• [EXERCISE] Only the lines from the start of the entries through the line with "We are pleased" should be returned, each exactly as it stands, and no pictures.

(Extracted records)
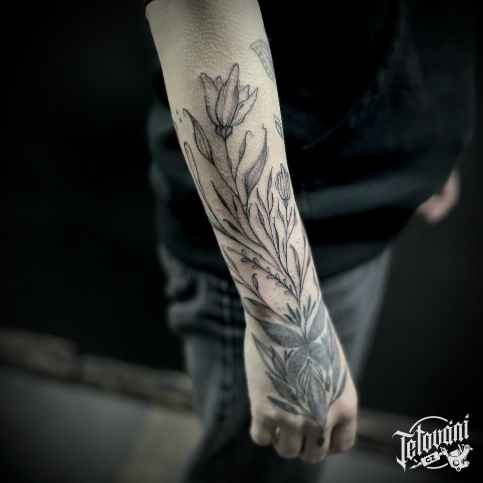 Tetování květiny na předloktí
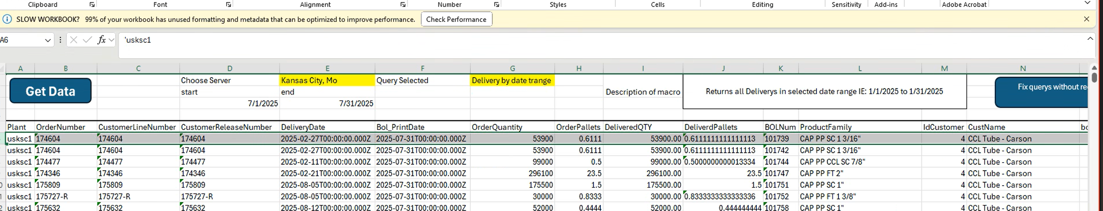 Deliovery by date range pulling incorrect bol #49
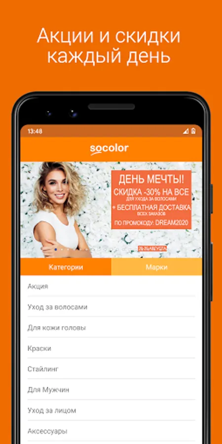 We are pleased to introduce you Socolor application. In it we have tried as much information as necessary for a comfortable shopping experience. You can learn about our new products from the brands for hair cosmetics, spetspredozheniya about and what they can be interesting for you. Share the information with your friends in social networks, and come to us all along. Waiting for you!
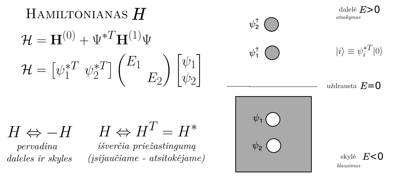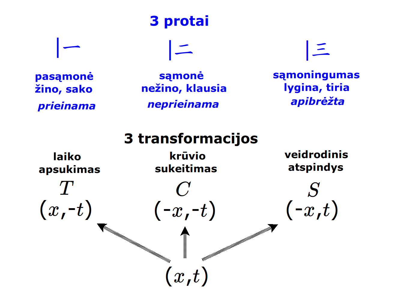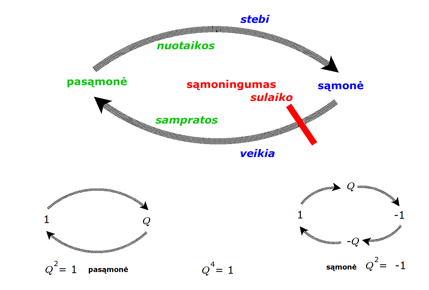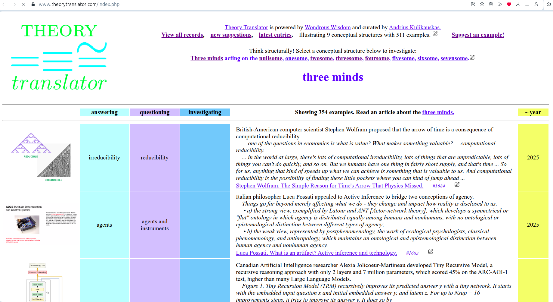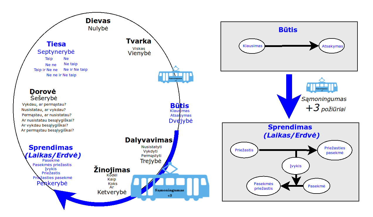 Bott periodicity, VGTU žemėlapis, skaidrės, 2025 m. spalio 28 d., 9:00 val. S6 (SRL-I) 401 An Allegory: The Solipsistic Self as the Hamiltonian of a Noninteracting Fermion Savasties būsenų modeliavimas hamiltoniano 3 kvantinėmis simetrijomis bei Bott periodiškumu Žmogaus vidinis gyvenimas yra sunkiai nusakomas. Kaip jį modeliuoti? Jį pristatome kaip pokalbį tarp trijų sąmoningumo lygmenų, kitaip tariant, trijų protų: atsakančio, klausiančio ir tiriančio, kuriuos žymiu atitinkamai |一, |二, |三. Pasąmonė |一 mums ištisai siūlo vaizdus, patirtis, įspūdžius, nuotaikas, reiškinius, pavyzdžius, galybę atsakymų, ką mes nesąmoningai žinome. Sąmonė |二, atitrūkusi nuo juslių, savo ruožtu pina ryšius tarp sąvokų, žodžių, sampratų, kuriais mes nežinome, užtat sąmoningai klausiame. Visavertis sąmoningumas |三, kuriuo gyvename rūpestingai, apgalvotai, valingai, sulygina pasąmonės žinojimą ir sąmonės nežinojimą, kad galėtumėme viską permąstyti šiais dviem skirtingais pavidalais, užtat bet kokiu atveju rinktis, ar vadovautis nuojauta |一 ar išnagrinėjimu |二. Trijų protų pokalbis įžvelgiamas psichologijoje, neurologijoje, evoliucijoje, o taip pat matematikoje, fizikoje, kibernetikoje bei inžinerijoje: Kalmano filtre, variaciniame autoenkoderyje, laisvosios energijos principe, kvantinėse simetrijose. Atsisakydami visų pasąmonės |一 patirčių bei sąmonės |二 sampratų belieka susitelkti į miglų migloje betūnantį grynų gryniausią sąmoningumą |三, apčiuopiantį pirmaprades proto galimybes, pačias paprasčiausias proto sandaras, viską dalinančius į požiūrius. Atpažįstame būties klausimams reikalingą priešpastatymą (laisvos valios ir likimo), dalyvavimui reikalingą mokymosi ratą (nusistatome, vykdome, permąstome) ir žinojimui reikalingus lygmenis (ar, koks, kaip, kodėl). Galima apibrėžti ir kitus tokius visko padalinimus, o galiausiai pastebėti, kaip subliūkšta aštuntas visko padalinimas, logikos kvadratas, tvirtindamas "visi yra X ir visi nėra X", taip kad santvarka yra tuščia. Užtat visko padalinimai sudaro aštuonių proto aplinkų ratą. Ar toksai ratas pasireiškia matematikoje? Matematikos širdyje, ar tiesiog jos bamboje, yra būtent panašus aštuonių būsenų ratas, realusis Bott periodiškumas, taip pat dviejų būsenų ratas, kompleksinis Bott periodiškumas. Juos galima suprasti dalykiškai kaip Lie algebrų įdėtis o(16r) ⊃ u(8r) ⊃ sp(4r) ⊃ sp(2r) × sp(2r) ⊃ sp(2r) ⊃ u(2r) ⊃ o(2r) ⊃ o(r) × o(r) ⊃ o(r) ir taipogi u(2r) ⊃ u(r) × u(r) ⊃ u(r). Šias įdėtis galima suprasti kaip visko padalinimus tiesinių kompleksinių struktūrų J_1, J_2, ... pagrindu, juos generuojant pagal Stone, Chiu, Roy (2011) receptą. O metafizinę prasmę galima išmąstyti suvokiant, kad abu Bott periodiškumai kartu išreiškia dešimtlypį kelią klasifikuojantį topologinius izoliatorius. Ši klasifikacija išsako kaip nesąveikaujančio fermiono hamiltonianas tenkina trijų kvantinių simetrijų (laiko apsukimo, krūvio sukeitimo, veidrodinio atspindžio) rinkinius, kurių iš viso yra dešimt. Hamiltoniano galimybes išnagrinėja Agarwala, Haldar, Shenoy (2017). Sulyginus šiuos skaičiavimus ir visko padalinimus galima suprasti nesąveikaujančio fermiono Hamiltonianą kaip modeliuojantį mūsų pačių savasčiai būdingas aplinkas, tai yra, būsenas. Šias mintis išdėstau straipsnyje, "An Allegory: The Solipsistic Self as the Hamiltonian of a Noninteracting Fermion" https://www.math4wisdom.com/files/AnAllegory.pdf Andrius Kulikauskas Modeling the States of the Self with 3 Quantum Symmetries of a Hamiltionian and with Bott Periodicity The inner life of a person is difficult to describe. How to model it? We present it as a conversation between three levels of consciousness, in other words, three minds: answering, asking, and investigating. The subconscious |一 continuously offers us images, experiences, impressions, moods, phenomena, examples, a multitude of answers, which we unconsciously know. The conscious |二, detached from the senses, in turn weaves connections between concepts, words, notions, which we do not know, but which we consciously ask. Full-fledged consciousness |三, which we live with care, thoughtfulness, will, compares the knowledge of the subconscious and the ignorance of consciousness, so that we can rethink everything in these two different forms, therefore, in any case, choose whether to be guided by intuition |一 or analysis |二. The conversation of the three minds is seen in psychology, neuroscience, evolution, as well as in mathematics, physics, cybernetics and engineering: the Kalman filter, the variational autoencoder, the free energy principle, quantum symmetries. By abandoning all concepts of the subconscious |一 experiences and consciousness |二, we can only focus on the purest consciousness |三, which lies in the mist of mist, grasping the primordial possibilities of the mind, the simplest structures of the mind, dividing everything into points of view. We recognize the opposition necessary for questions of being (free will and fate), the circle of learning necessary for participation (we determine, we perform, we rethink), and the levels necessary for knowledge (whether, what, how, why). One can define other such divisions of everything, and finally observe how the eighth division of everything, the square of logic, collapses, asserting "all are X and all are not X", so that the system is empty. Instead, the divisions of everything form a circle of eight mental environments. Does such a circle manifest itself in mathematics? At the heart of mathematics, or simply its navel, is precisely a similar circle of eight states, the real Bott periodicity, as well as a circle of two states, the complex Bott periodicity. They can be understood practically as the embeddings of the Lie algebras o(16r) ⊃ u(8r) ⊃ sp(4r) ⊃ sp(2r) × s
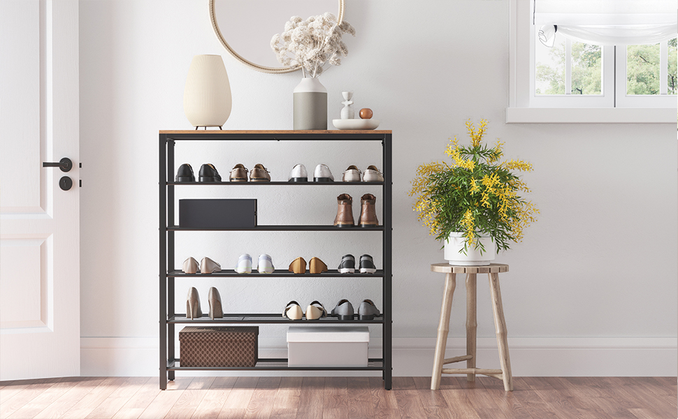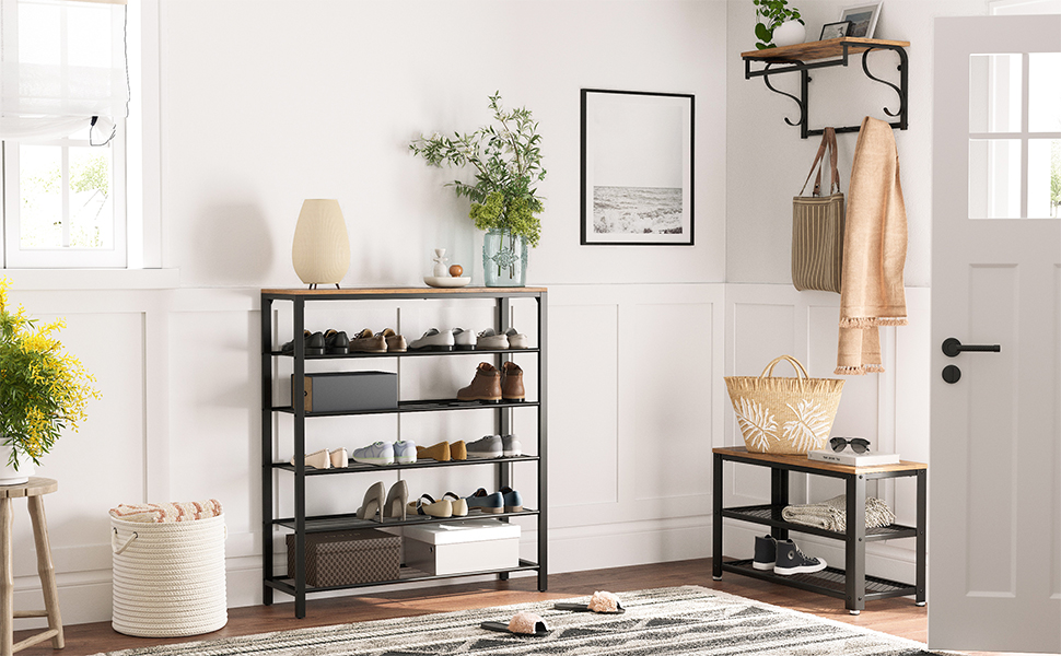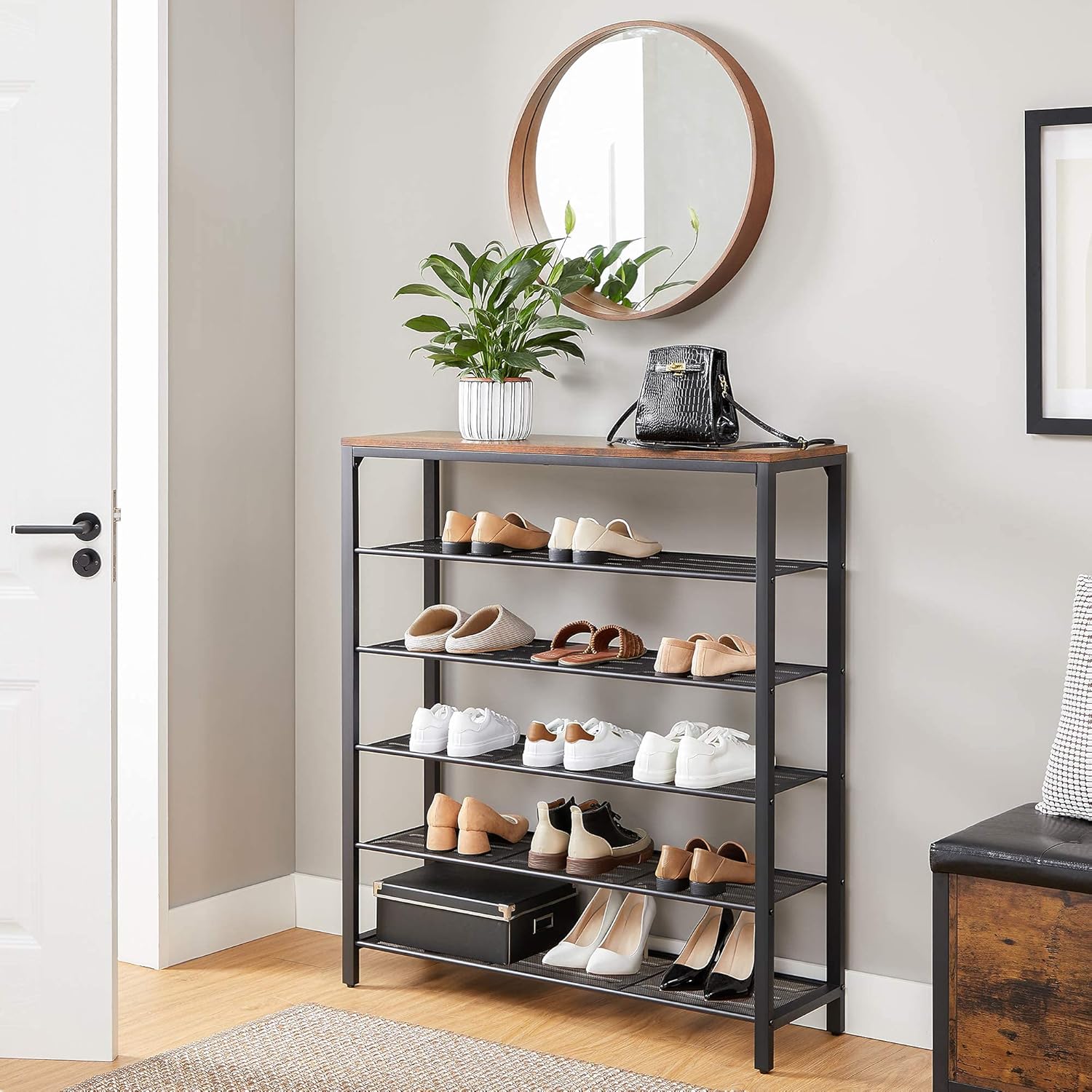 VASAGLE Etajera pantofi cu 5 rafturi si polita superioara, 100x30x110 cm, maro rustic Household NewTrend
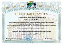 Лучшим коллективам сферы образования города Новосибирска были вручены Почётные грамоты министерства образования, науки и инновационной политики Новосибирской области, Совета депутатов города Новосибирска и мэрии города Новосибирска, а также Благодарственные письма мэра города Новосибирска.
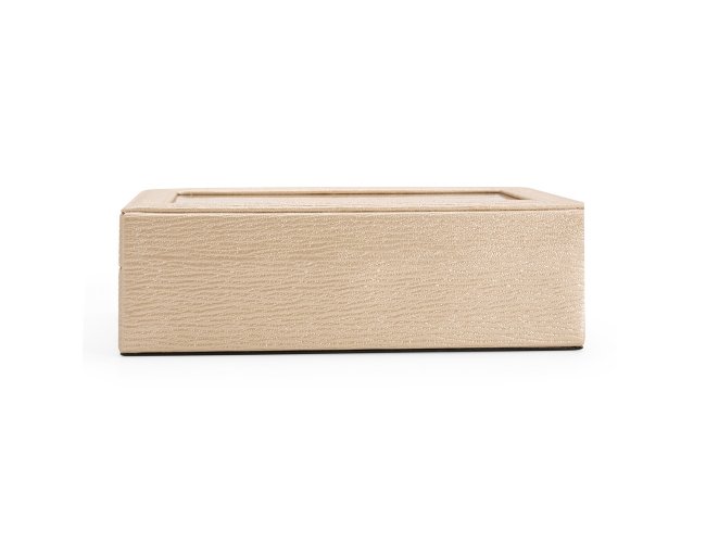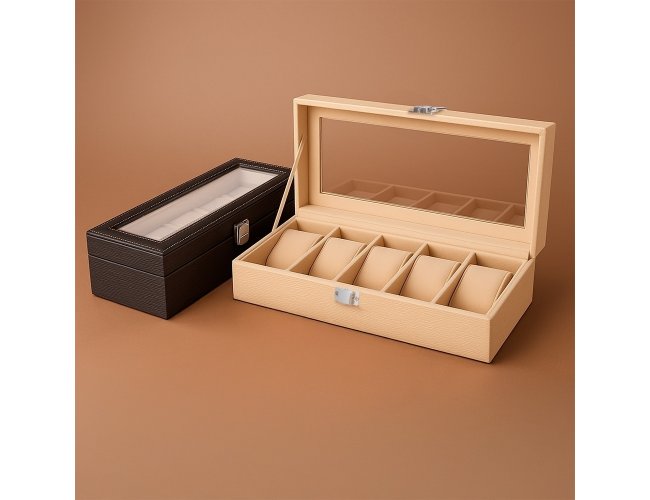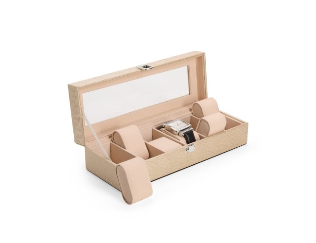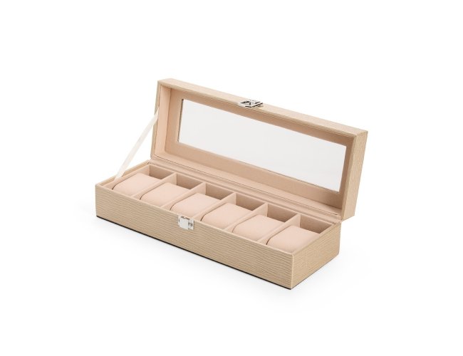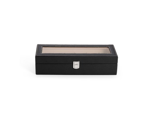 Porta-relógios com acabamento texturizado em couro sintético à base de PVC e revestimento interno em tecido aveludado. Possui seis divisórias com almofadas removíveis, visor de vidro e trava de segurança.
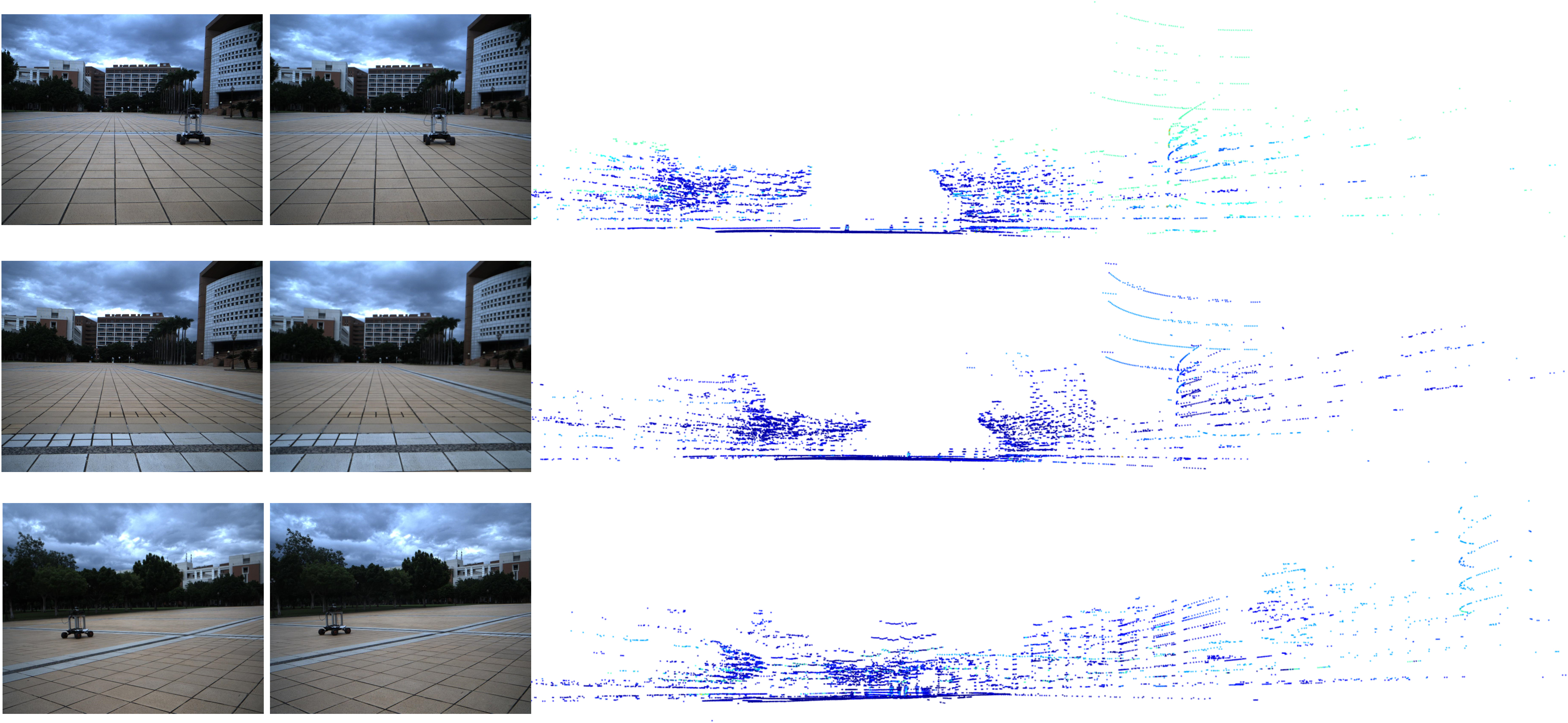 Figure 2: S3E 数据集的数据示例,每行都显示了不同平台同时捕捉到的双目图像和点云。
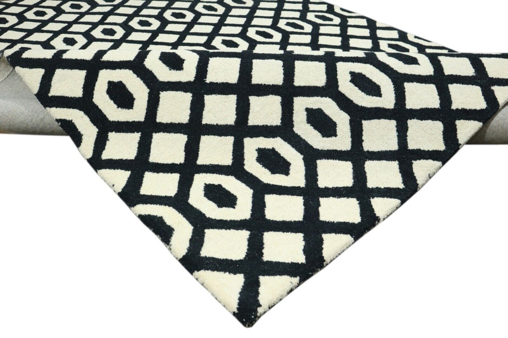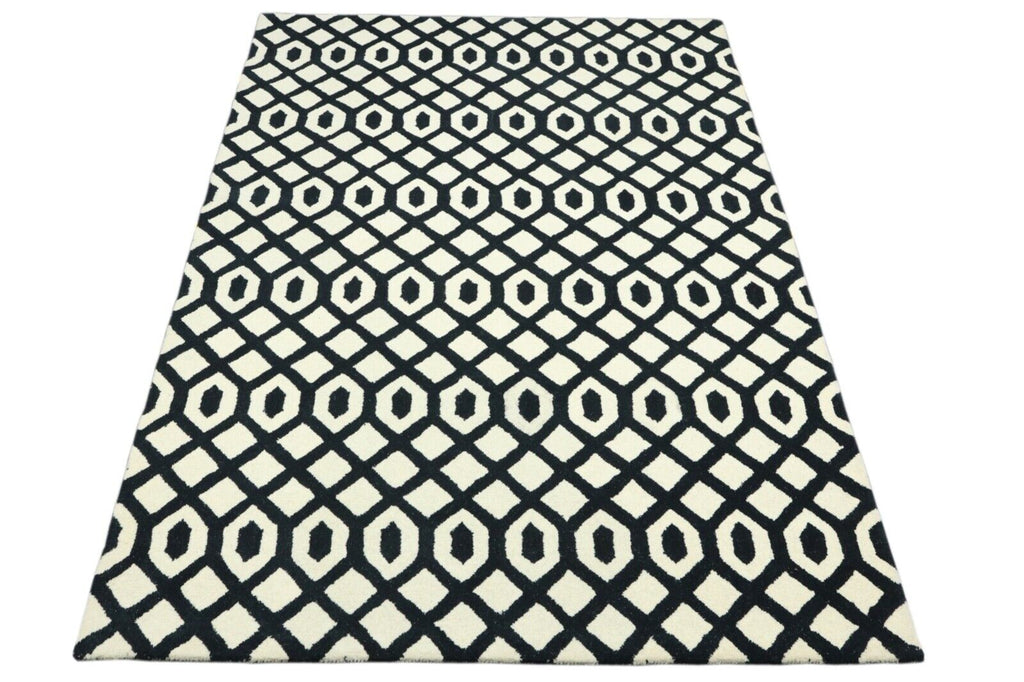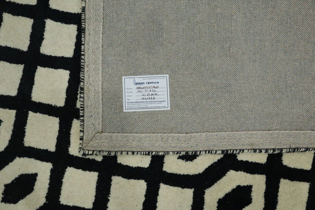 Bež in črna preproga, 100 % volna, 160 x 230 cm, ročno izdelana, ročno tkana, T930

• [EXERCISE SOLUTION]
 Tetování květiny na předloktí
 Deliovery by date range pulling incorrect bol #49
 We are pleased to introduce you Socolor application. In it we have tried as much information as necessary for a comfortable shopping experience. You can learn about our new products from the brands for hair cosmetics, spetspredozheniya about and what they can be interesting for you. Share the information with your friends in social networks, and come to us all along. Waiting for you!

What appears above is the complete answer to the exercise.